Истерзанная, полузадохнувшаяся, грязная часть меня очень и очень одобряла эту мысль. Покончить с этим. Вернуться домой. Принять душ. Поесть как следует. Лечь спать.

Все равно ведь это невозможно. Чародей или нет, я все равно всего лишь одинокий, усталый, избитый, выжатый как тряпка чувак. Фэйре обладали слишком большой силой и хитростью, чтобы иметь с ними дело даже в удачный день, не говоря уже о таком, как сегодняшний. Я знал, что задумала Аврора, но, блин, она собиралась нанести удар в самом сердце сражения. Сражения, о котором я даже не знал, как туда попасть, тем более, как выжить. Каменный Стол находился в каком-то глухом закоулке Небывальщины, о котором я раньше даже не слышал. А уж насчет того, как его найти, я не имел ни малейшего представления.

Невозможно. Слишком опасно. Ну почему бы мне не отоспаться немного и надеяться, что в следующий раз-то я не оплошаю?

Перед глазами моими стояло лицо Мерил — некрасивое, усталое и решительное. Я вспомнил статую Лилии. И Элейн, загнанную в угол обстоятельствами, но сражающуюся по-своему несмотря на то, что все шансы были против нее. Я вспомнил, как, взяв у Матери Зимы Расклятье, не мог думать ни о чем, кроме как использовать его в собственных целях, помочь Сьюзен. Теперь его используют совсем для другого, и чем больше мне хотелось забыть об этом и пойти домой, тем больше ощущал я бремя ответственности за то, как ее будут использовать, если я все же уйду.

Я тряхнул головой и принялся оглядываться, пока не увидел свои сумку, амулеты, посох и жезл — они лежали на земле в нескольких ярдах от грязной трясины, которую сотворила для меня Аврора. Я подошел и забрал их.

— Нет, — сказал я. — Все еще не кончено.

— Нет? — удивленно переспросил Привратник. — Почему?

— Потому что я кретин, — вздохнул я. — А люди попали в беду.

— Чародей, никто не ожидает от тебя, что ты остановишь войну между династиями Сидхе. Совет ни на кого не возложил бы такой ответственности.

— К черту династии, — буркнул я. — Да и Совет вместе с ними. Я знаю людей, которые попали в беду. И некоторые из них — по моей вине. И только я могу помочь им. Я разделаюсь с этим.

— Ты уверен? — спросил Привратник. — Ты не выходишь из Испытания?

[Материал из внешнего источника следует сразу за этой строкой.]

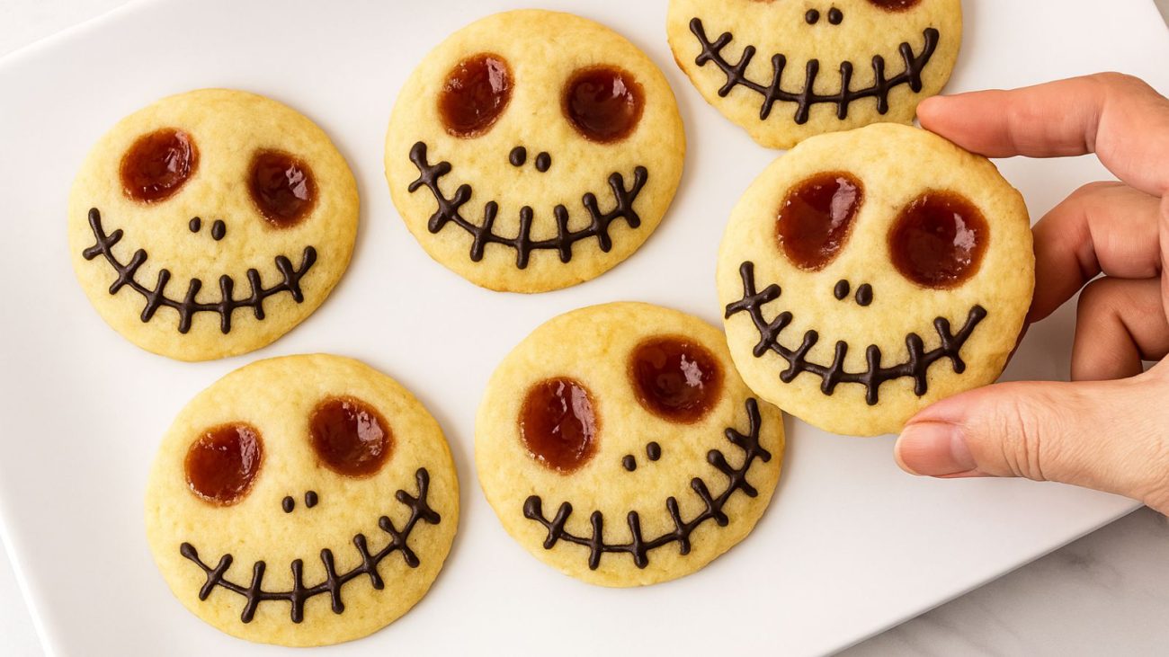 O segredo da receita está na geleia, que dá o toque final aos cookies de esqueleto.O segredo da receita está na geleia, que dá o toque final aos cookies de esqueletoFoto: Imagem gerada por IA/ND Mais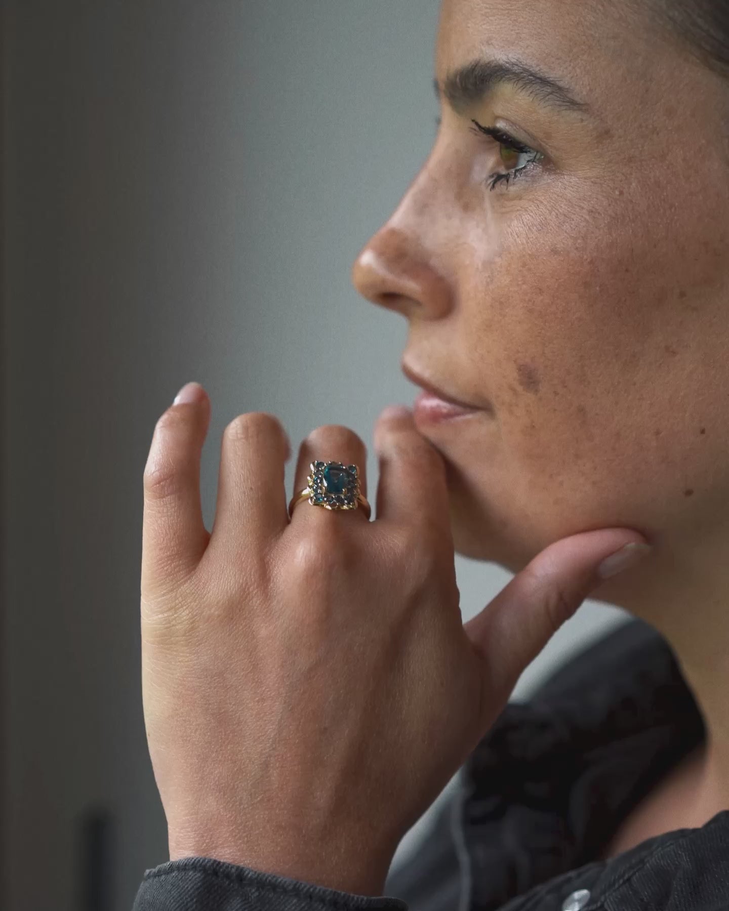 De Odessaine ring straalt tijdloze elegantie uit met haar fonkelende blauwe topazen, zorgvuldig gerangschikt in een verfijnde cluster. De centrale steen schittert met een diepe, oceaanblauwe glans, omlijst door kleinere topazen die het licht op betoverende wijze weerkaatsen. Het 9k montuur geeft de ring een klassieke en luxueuze uitstraling, perfect voor wie houdt van verfijnde vintage schoonheid met een vleugje grandeur. Dit bijzondere stuk werd met de hand uitgekozen bij een van de juweliers uit Menina’s wereldwijde netwerk, en is nu aangekomen in Amsterdam, klaar om een nieuw verhaal te beginnen met zijn toekomstige eigenares.

Скользкие от грязи пальцы никак не могли справиться с застежкой браслета.

— Не выхожу.

Мгновение Привратник молча смотрел на меня.

— Что ж, — произнес он. — Раз так, я не буду голосовать против тебя.

Меня пробрал легкий озноб.

— Да? А так голосовали бы против?

— Уйди ты сейчас, и я сам бы убил тебя.

Теперь уже я молча смотрел на него.

— Почему? — совладал я, наконец, с голосом.

— Ибо голосовать против тебя означало бы то же самое, — он говорил негромко, но уверенно, и не без тепла в голосе. — И, сдается мне, что лучше уж принять ответственность за этот выбор, нежели прятаться за формальностями Совета.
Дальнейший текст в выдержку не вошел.